*** DATA EXCERPTS ***

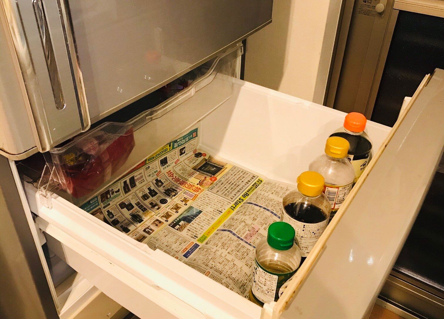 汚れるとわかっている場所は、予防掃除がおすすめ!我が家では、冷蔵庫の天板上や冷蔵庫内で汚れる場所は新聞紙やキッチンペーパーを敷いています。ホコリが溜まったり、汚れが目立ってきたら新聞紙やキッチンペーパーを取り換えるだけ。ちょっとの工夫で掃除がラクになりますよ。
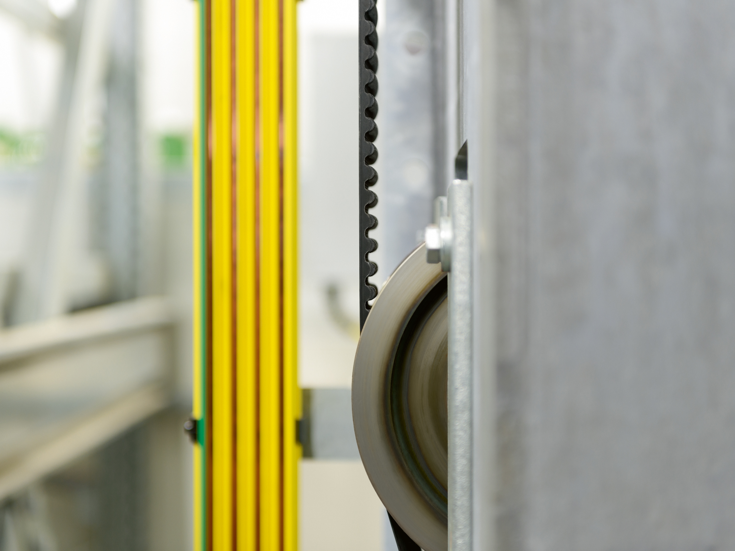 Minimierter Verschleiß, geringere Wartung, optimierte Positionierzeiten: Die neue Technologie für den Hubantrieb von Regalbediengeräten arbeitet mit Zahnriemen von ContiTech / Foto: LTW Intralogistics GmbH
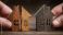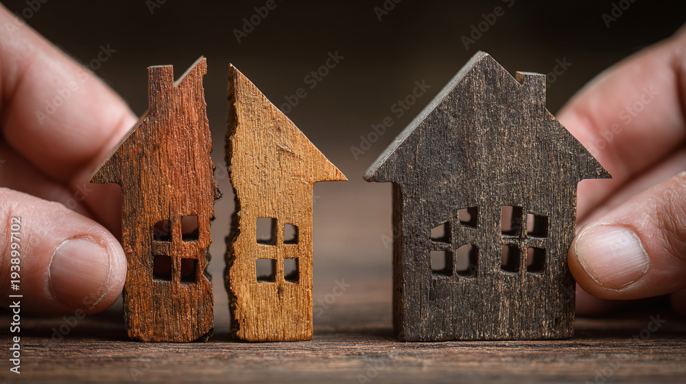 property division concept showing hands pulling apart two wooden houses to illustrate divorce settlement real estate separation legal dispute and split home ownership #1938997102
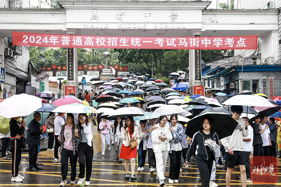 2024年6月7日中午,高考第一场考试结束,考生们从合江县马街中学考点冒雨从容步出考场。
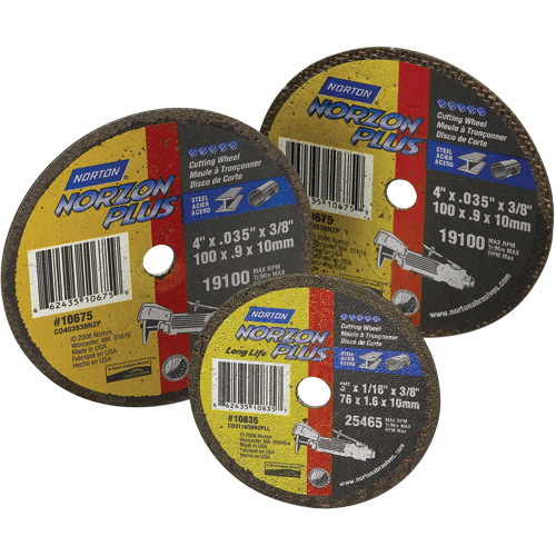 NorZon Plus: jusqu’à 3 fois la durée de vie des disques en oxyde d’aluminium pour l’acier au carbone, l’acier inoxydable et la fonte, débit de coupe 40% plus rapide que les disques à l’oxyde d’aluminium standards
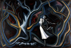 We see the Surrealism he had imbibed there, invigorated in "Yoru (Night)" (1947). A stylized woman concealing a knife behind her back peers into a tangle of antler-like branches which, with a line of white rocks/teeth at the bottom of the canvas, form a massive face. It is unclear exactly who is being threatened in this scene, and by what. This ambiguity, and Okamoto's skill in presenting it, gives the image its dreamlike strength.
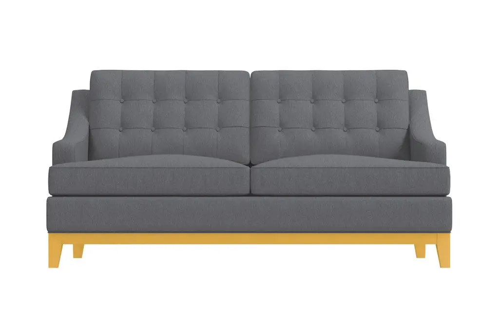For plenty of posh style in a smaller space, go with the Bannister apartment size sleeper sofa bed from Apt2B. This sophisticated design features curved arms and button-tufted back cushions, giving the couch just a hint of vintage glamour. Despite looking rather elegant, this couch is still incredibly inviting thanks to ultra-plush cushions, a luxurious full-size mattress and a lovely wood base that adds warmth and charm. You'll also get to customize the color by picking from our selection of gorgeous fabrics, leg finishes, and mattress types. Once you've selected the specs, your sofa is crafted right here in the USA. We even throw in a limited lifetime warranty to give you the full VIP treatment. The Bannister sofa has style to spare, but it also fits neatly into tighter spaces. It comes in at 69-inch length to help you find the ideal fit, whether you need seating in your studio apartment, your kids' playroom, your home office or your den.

***

When you reach the line containing "Minimierter Verschleiß, geringere" in the entries above, begin restating word for word, and stop once the line containing "We see the Surrealism" has been given. Omit the pictures.

 Minimierter Verschleiß, geringere Wartung, optimierte Positionierzeiten: Die neue Technologie für den Hubantrieb von Regalbediengeräten arbeitet mit Zahnriemen von ContiTech / Foto: LTW Intralogistics GmbH
 property division concept showing hands pulling apart two wooden houses to illustrate divorce settlement real estate separation legal dispute and split home ownership #1938997102
 2024年6月7日中午,高考第一场考试结束,考生们从合江县马街中学考点冒雨从容步出考场。
 NorZon Plus: jusqu’à 3 fois la durée de vie des disques en oxyde d’aluminium pour l’acier au carbone, l’acier inoxydable et la fonte, débit de coupe 40% plus rapide que les disques à l’oxyde d’aluminium standards
 We see the Surrealism he had imbibed there, invigorated in "Yoru (Night)" (1947). A stylized woman concealing a knife behind her back peers into a tangle of antler-like branches which, with a line of white rocks/teeth at the bottom of the canvas, form a massive face. It is unclear exactly who is being threatened in this scene, and by what. This ambiguity, and Okamoto's skill in presenting it, gives the image its dreamlike strength.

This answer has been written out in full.